INSTRUCTIONS TO FOLLOW: Skip every picture and copy only the lines from the one containing "Слайд 1210) осознание" to the final line of the records below.
(SUPPLIED ENTRIES begins)
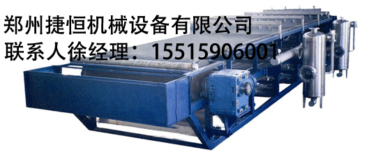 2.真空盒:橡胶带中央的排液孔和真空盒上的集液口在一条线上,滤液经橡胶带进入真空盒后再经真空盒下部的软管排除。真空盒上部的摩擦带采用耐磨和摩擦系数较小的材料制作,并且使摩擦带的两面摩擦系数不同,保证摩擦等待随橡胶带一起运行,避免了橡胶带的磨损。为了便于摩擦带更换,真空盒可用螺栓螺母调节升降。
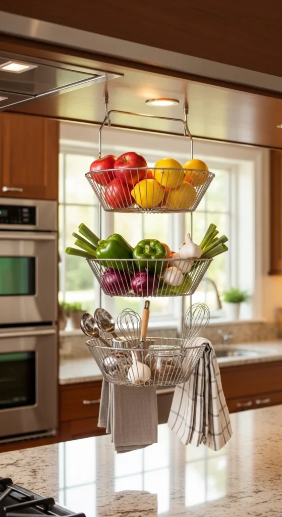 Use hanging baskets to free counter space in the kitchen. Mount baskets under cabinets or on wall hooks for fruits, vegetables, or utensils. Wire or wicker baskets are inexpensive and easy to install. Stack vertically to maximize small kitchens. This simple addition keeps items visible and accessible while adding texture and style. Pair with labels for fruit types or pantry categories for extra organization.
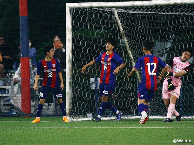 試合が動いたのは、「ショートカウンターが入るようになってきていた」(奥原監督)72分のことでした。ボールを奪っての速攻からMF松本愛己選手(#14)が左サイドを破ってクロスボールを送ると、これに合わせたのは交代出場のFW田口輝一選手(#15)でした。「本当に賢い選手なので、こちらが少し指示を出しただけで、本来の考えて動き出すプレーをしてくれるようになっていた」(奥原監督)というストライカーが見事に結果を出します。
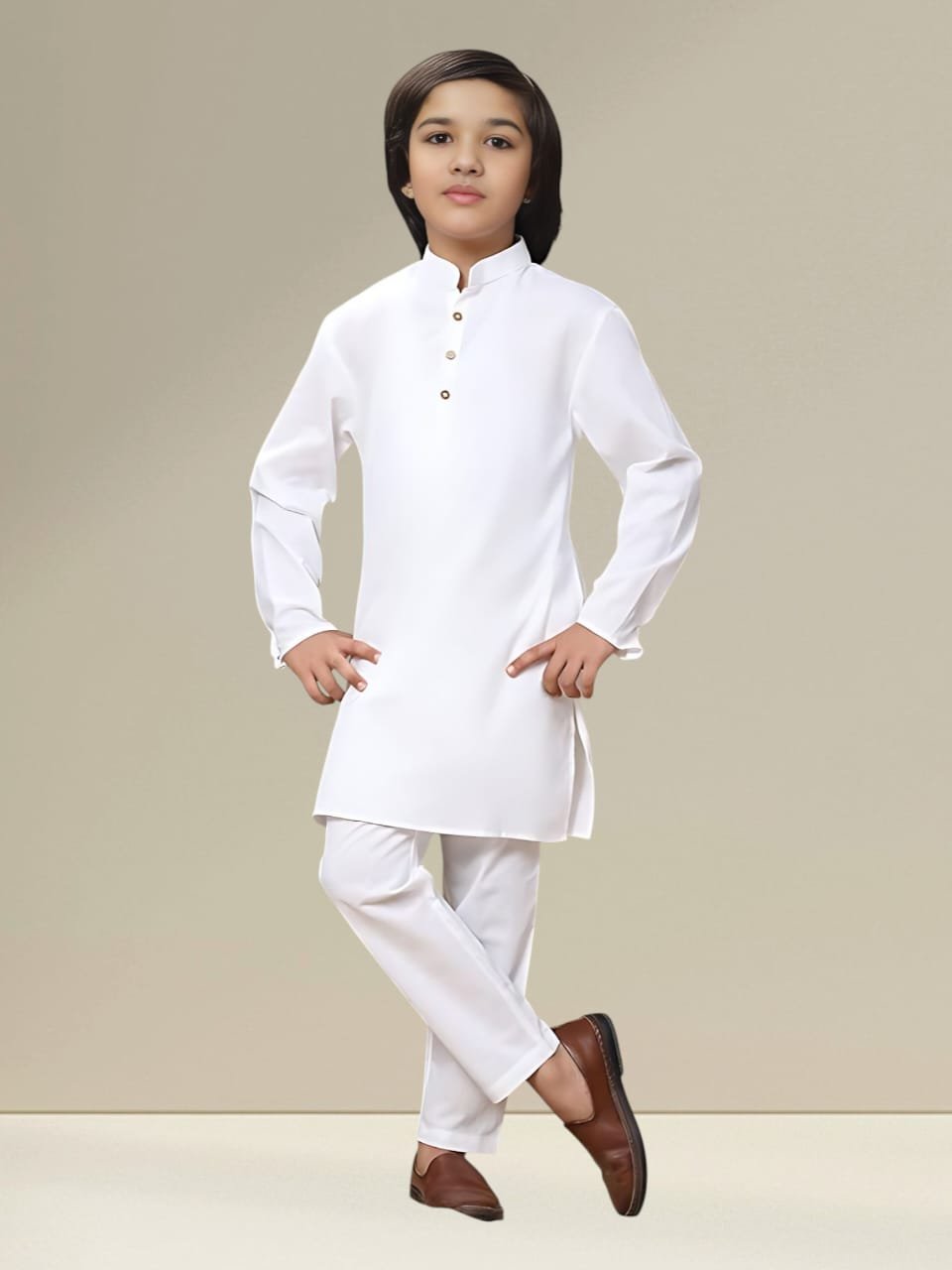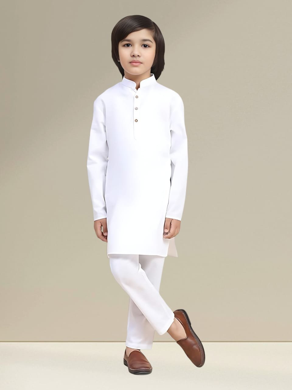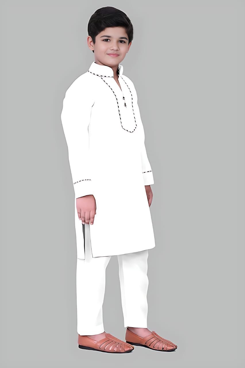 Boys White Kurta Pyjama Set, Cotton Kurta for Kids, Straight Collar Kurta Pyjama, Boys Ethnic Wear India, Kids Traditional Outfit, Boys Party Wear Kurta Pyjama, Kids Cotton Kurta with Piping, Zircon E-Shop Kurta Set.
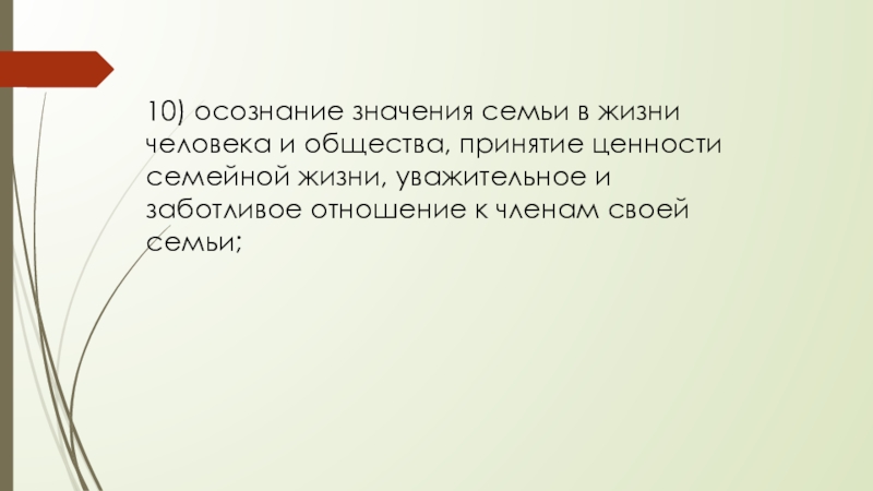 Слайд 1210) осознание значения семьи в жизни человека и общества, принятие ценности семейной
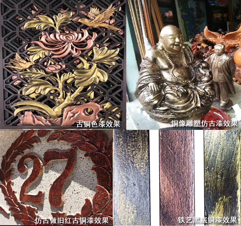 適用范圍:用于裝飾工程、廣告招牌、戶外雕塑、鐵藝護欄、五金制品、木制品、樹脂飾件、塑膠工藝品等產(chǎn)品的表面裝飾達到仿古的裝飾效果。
(SUPPLIED ENTRIES ends)
RESPONSE AREA:
 Слайд 1210) осознание значения семьи в жизни человека и общества, принятие ценности семейной
 適用范圍:用于裝飾工程、廣告招牌、戶外雕塑、鐵藝護欄、五金制品、木制品、樹脂飾件、塑膠工藝品等產(chǎn)品的表面裝飾達到仿古的裝飾效果。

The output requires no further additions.